-- Opening Marker --
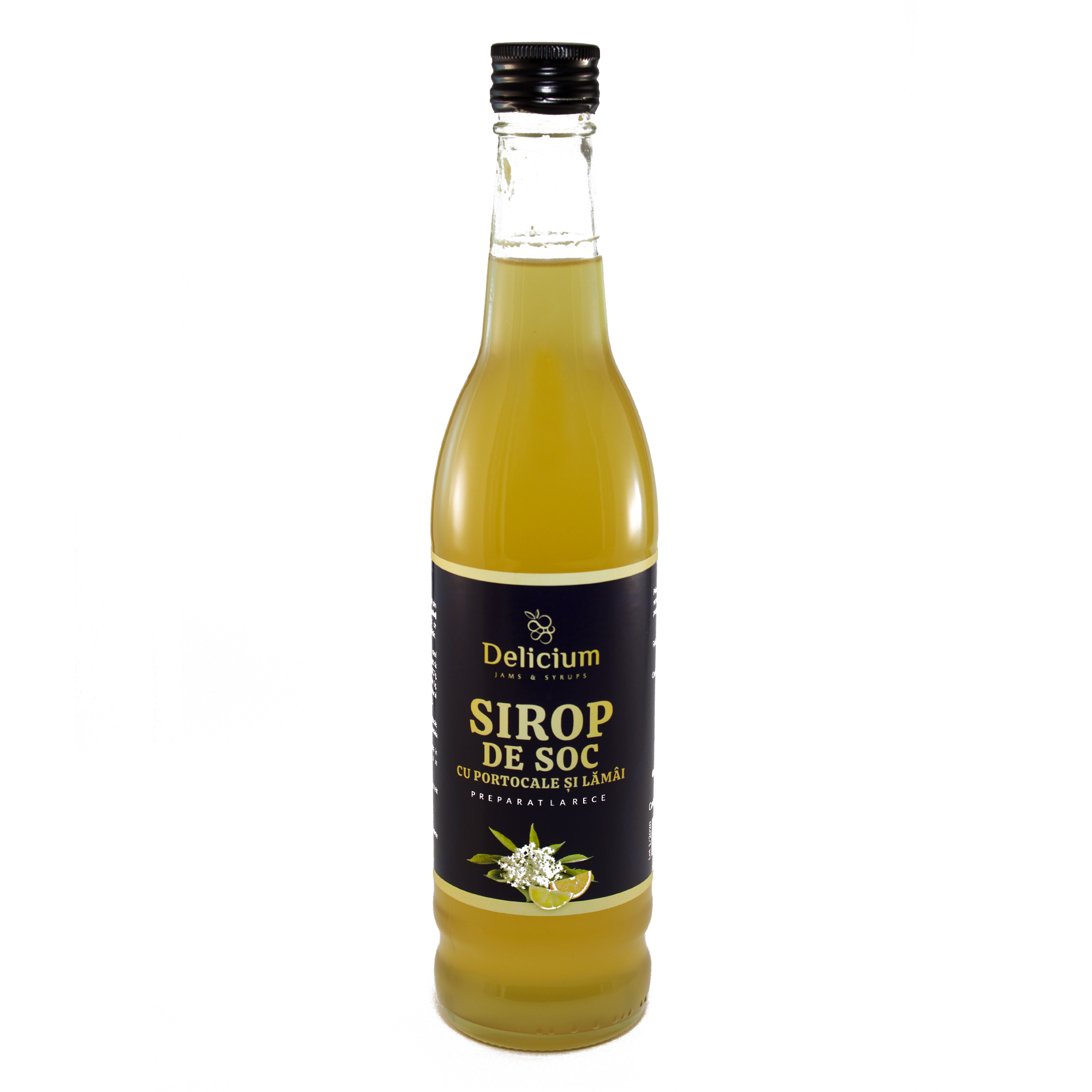 Ingrediente: Obținut prin macerarea la rece a florilor de soc, suc proaspăt de portocale, suc proaspăt de lămâi, zahăr, apă, acid salicilic.
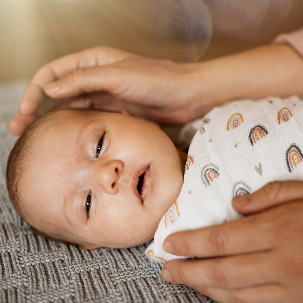 Das Format 120 × 120 cm erleichtert sicheres und komfortables Pucken sowie weitere Einsatzzwecke – von der Decke bis zum Kinderwagen-Sonnenschutz oder einer leichten Decke für den Autositz.
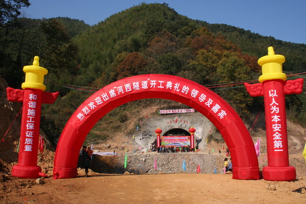 11月5日,省路橋集團董事長、總經理童宗勝,黨委書記、副董事長吳銳智應邀出席了S322桃甘段(桃花潭——甘棠)項目河西隧道開工典禮。
-- Closing Marker --
▶ [Exercise requirements]
An exact, word-for-word version of the material is required, free of pictures.

▶ [Your solution]
 Ingrediente: Obținut prin macerarea la rece a florilor de soc, suc proaspăt de portocale, suc proaspăt de lămâi, zahăr, apă, acid salicilic.
 Das Format 120 × 120 cm erleichtert sicheres und komfortables Pucken sowie weitere Einsatzzwecke – von der Decke bis zum Kinderwagen-Sonnenschutz oder einer leichten Decke für den Autositz.
 11月5日,省路橋集團董事長、總經理童宗勝,黨委書記、副董事長吳銳智應邀出席了S322桃甘段(桃花潭——甘棠)項目河西隧道開工典禮。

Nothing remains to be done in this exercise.